By: Kayla Villegas
“At first, I didn’t want to seem too eager and answer right away,” Spencer Laughman, Tiger Transport employee, admitted about answering Tiger Transport calls. “But the phone only rings twice.”
Laughman is celebrating his sixth day on the job.
“The mail kids have a so much more important job,” Laughman said.
Witt transportation service has seen some new changes. Tiger Transport, once known as “Witt Escort,” offers taxi-like service for students to and from locations within the university district seven days a week at no charge.
Students are now able to download the mobile application, “Tiger Transport,” allowing them to login with their student ID and enter a request for pickup where and when they specify. The request then loads into a driver’s iPad, directing him or her to the next pickup location.
For Tiger Transport employee Olivia Gildea, her job gives her the occasional love interest.
“He fell into my van one night and ended up getting my number,” she said, referring to the guy she currently classifies under “talking” status. “And now, we’re like – a thing.”

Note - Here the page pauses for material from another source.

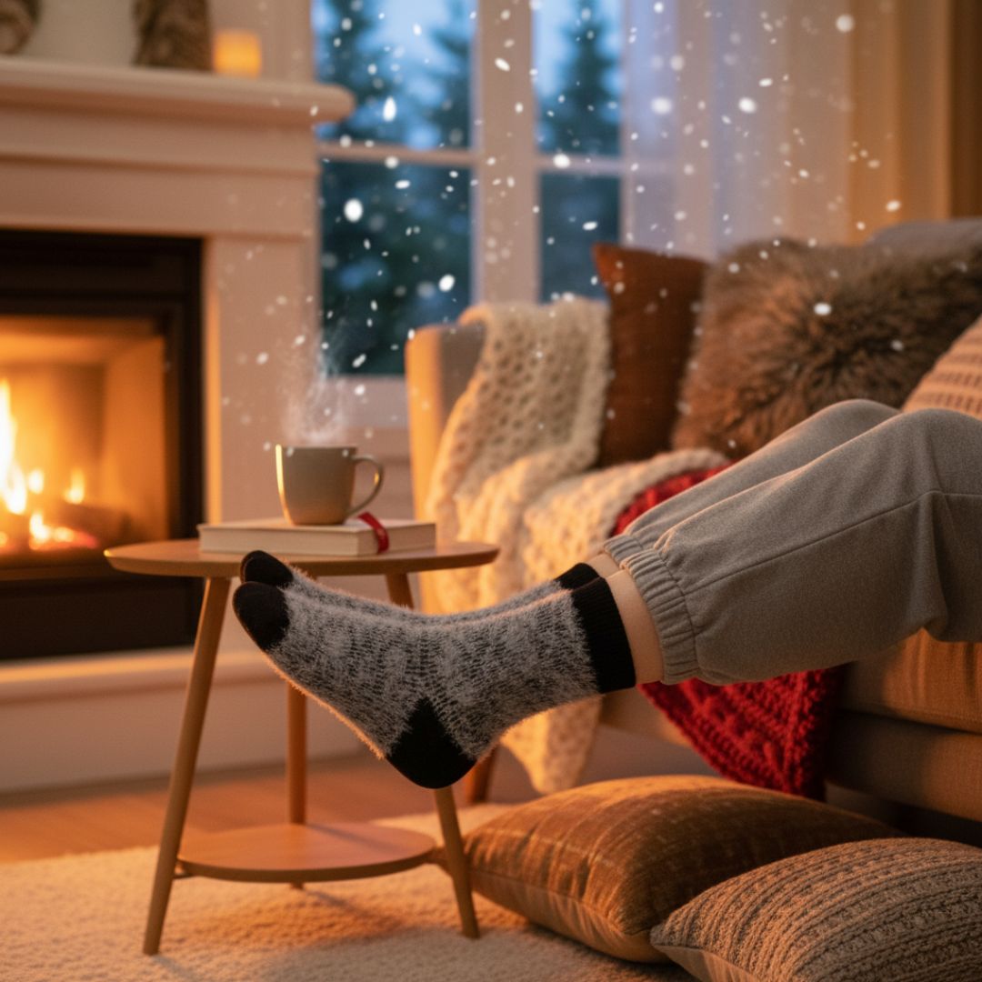 Thermal “Cloud-Touch” Insulation: These socks utilize a heavy-duty, dual-layer design featuring a thick jacquard knit exterior and a full-length, high-pile white sherpa fleece interior for maximum heat retention.

In a span of two hours, the drivers met an aspiring Fulbright scholar scared about the uncertainty of her future, a gamer who was busy playing “One Night Ultimate” and Cassandra, whose mantra includes three words: “Cheer is Life.”
As the squealing van drove past students jumping from puddle to puddle and party-goers holding hands on their walk home, Laughman, intensely fixated on the road shared his love for Stephen King and Larry McMurtry novels.
In the midst of conversation, he was quickly interrupted by another call of duty.
“Alright, we’re on the move, I guess,” he said into his walkie talkie to Gildea. The two Tiger Transport employees switch on and off between answering calls and physically driving the callers throughout the shift.
Gildea and Laughman both have faced a unique challenge in the few days of employment – navigating campus. Despite a few wrong turns, the two both demonstrated concentration and efficiency on the road. True professionals.
In recent years, Tiger Transport has shifted gears, so to speak, and will only take students on transports to academic and administrative buildings, residence halls, campus houses, parked cars, etc. In the past, the service experienced multiple calls in one night requesting drop offs from party to party and finishing at the local bar. They no longer wish to be used as a “drunk bus.”
No matter the circumstance, students’ safety always comes first. The Wittenberg Police Department will always send a police escort when the circumstance arises – no matter how inebriated a student may be.
Tiger Transport’s main concern is guaranteeing the safety of all Wittenberg students. Aside from the bustle of the job, the Wittenberg Police and Security department has created its own sense of family in the small annex of Recitation Hall. With a wide variety of calls and the occasional interruption of vomit reports in Tower Hall, every night is different for the 4 p.m. to 1:30 a.m. shift.
Regardless of late hours, Laughman and Gildea both consider their employment a pretty great gig.